A pod obtains its original DHCP lease when it is created. The lease must be periodically renewed by a minimal DHCP server deployment running on the cluster.

For an Ethernet network attachment, the SR-IOV Network Operator does not create a DHCP server deployment; the Cluster Network Operator is responsible for creating the minimal DHCP server deployment.

To trigger the deployment of the DHCP server, you must create a shim network attachment by editing the Cluster Network Operator configuration, as in the following example:

Example shim network attachment definition
apiVersion: operator.openshift.io/v1
kind: Network
metadata:
  name: cluster
spec:
  additionalNetworks:
  - name: dhcp-shim
    namespace: default
    type: Raw
    rawCNIConfig: |-
      {
        "name": "dhcp-shim",
        "cniVersion": "0.3.1",
        "type": "bridge",
        "ipam": {
          "type": "dhcp" (1)
        }
      }
  # ...
1 Specifies dynamic IP address (DHCP) assignment for the cluster.

Dynamic IP address assignment configuration with Whereabouts

The Whereabouts CNI plugin helps the dynamic assignment of an IP address to a secondary network without the use of a DHCP server.

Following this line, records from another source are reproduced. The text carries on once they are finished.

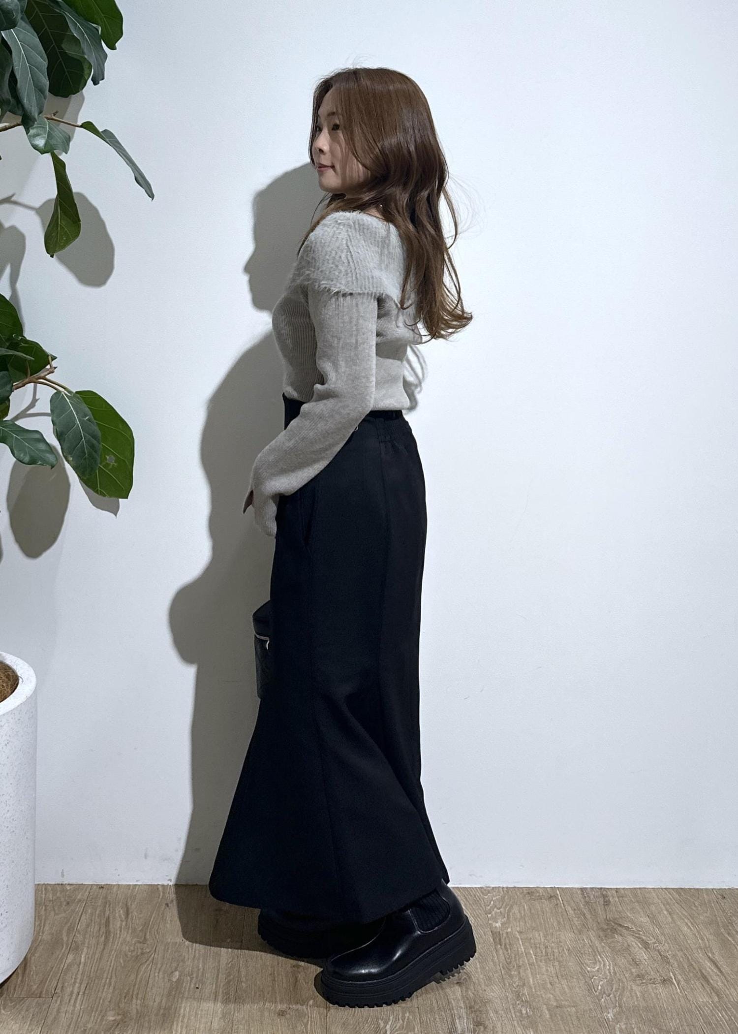 暖かみのある生地感で、マーメイド具合も動いた時にフレア感が可愛いです。 -
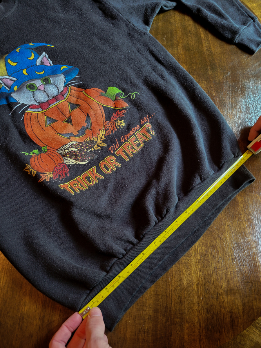 For sweatshirts and sweaters, this will be going across the ribbed knit waistband at the hem. Place it across the top seam, where the band is sewn into the fabric.
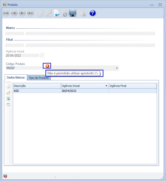 Melhoria realizada na tela ‘Produto’, não permitindo o uso do apóstrofo no campo ‘Código Produto’.
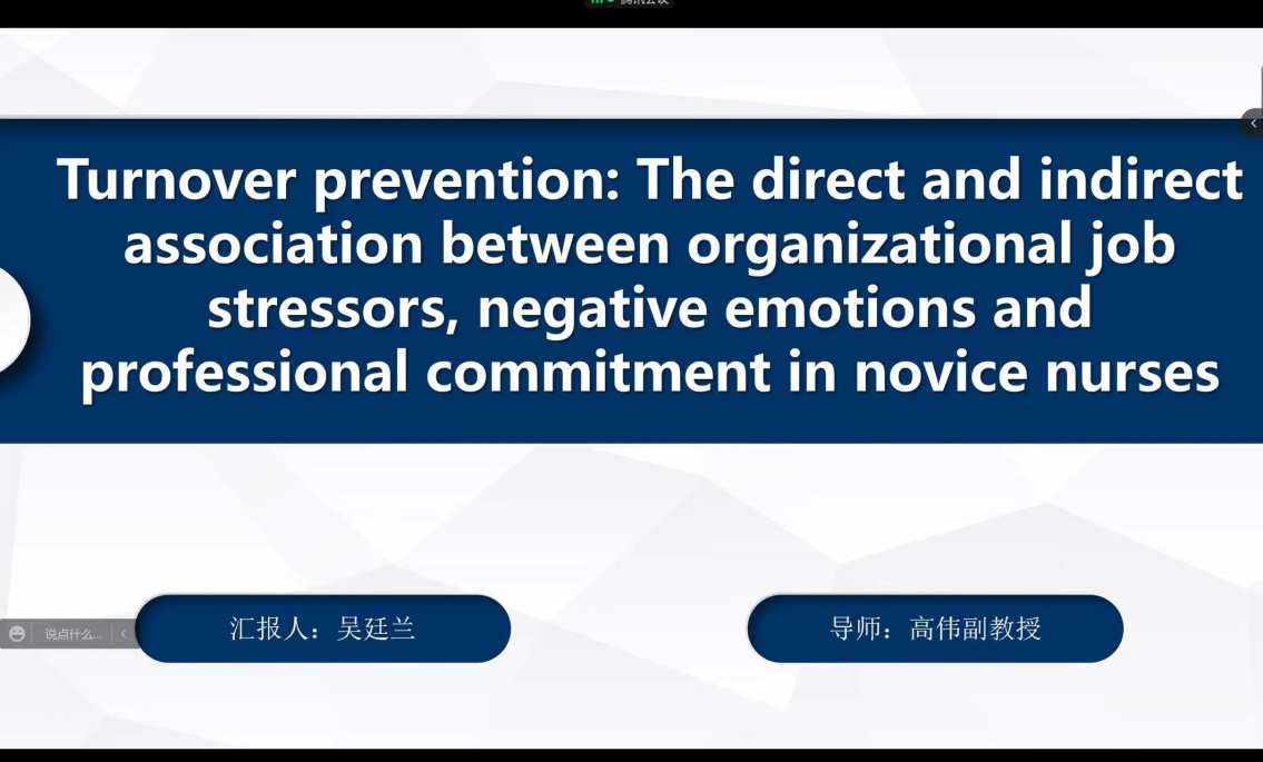 第二位汇报者是2020级硕士吴廷兰,汇报的文章为“Turnover prevention: The direct and indirect association between organizational job stressors, negative emotions and professional commitment in novice nurses”,该篇文章2019年发表于Journal of advanced nursing杂志上。研究表明,与人员充足的医院相比,人员不足医院的死亡风险高出6%;更多的床旁护士可以提高护理服务质量,减少感染和患者死亡率。职业承诺水平低是导致护士离职的风险因素之一。职业承诺与工作需求-资源和情绪衰竭有关,即负性情绪,如对工作不满意,可能会降低职业承诺,增加离职风险。积极的工作环境可能降低离职率,而组织工作压力源与组织环境相关,如高工作负荷、护理复杂性等有关,也与人际关系因素有关,如工作与生活干扰和护士与其他医疗专业人员的关系。对于目前全球护士短缺的情况,重要的是调查护士和新护士的职业承诺、负性情绪和组织工作压力源之间的关系,更重要的是,找出与负性情绪和职业承诺相关的最关键的工作压力源。本研究采用观察性队列研究设计,采用方便抽样。数据来自于一个大型数据集,其中包含来自18名新护士的580个日记条目。结合定量和定性数据收集方法来评估研究变量。通过Q在线软件收集了2013年9月至2014年9月的电子日记和问卷数据。本研究,用SPSS25.0 软件进行描述性分析,为了更深入的了解组织工作压力源对职业承诺的直接和间接路径,使用MPlus7.11进行路径分析。采用稳健标准误差多元线性回归的最大似然法处理非正态性和缺失值。我们计算了偏差校正bootstrapped置信区间验证间接路径。 研究结果显示,除了工作需求冲突外,所有变量的间接路径都是显著的。工作需求冲突与职业承诺呈直接负相关,与负性情绪呈直接正相关。我们发现,缺乏同事支持、患者的负面体验、护理的复杂性、生存事件、缺乏控制、和工作与生活的平衡等组织工作压力源均通过消极情绪对职业承诺产生间接负性关系。护士需要一个支持性的工作环境来应对最关键的组织工作压力,以增强职业承诺。
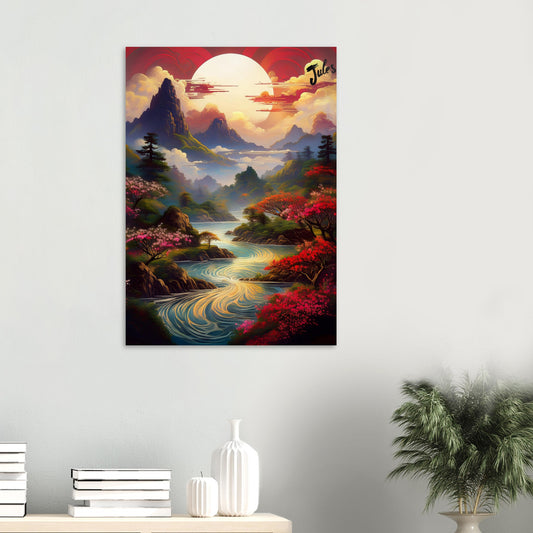Traditional Chinese Landscape Poster – Vibrant Trees & Waterfalls Design
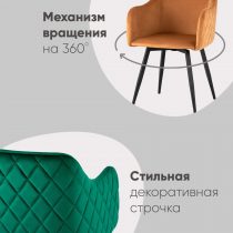 Прочные ножки выполнены из металла в черном цвете, поэтому обеспечивают хорошую устойчивость и делают стул оригинальным. Дополнительная функция вращения сиденья обеспечивает максимальный комфорт.
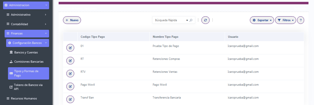 Luego de completar los campos presionamos el botón de agregar banco y automáticamente se nos listará en las opciones, recalcando que en esta sección puedes agregar los métodos de pagos de tu preferencia.
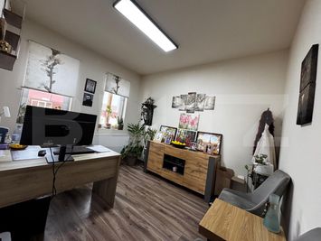 Compartimentare parter: 3 birouri, garaj/atelier, 2 băi, vestiar, spațiu tehnic cu centrală pe lemne.
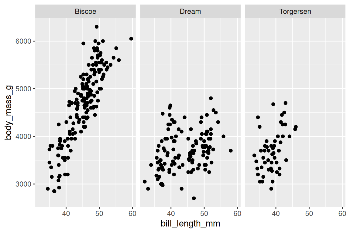 - Facet the penguins scatterplot (bill length vs body mass) by
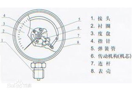 耐震壓力表由導(dǎo)壓系統(tǒng)(包括接頭、彈簧管、限流螺釘?shù)?、齒輪傳動(dòng)機(jī)構(gòu)、示數(shù)裝置(指針與度盤)和外殼(包括表殼、表蓋、表玻璃等)所組成。耐震壓力表外殼為氣密型結(jié)構(gòu),在外殼內(nèi)填充阻尼液(一般為硅油或甘油),能夠抗工作環(huán)境振動(dòng)和減少介質(zhì)壓力的脈動(dòng)影響
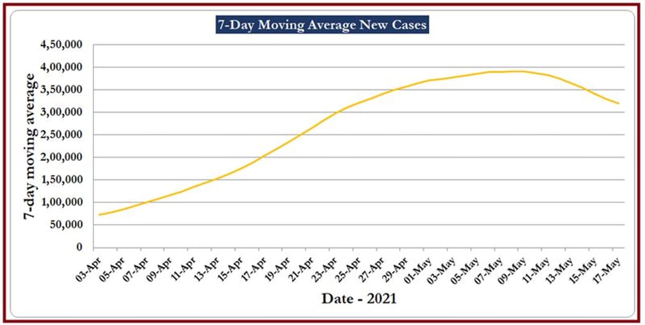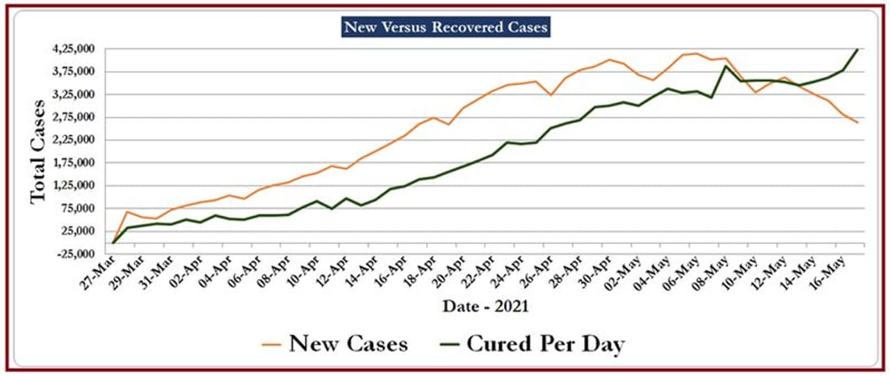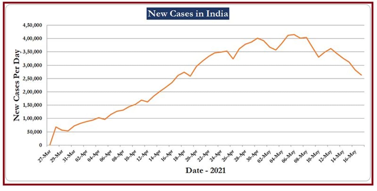 After some harrowing weeks, a glimmer of hope maybe finally emerging in India’s war against the second wave of the COVID-19 pandemic. The graph of daily new cases (Graph 01) as well as the more reliable graph of seven-day moving average of new cases (Graph 02) is now showing a sustained dip. The new cases versus recoveries graph (Graph 03) is also now in the green with daily recoveries now overshooting the new cases.

The Whereabouts CNI plugin also supports overlapping IP address ranges and configuration of the same CIDR range multiple times within separate NetworkAttachmentDefinition CRDs. This provides greater flexibility and management capabilities in multitenant environments.

Dynamic IP address configuration parameters

The following table describes the configuration objects for dynamic IP address assignment with Whereabouts:

Table 5. ipam whereabouts configuration parameters
Field Type Description

type

string

The IPAM address type. The value whereabouts is required.

range

string

An IP address and range in CIDR notation. IP addresses are assigned from within this range of addresses.

exclude

array

Optional: A list of zero or more IP addresses and ranges in CIDR notation. IP addresses within an excluded address range are not assigned.

network_name

string

Optional: Helps ensure that each group or domain of pods gets its own set of IP addresses, even if they share the same range of IP addresses. Setting this field is important for keeping networks separate and organized, notably in multi-tenant environments.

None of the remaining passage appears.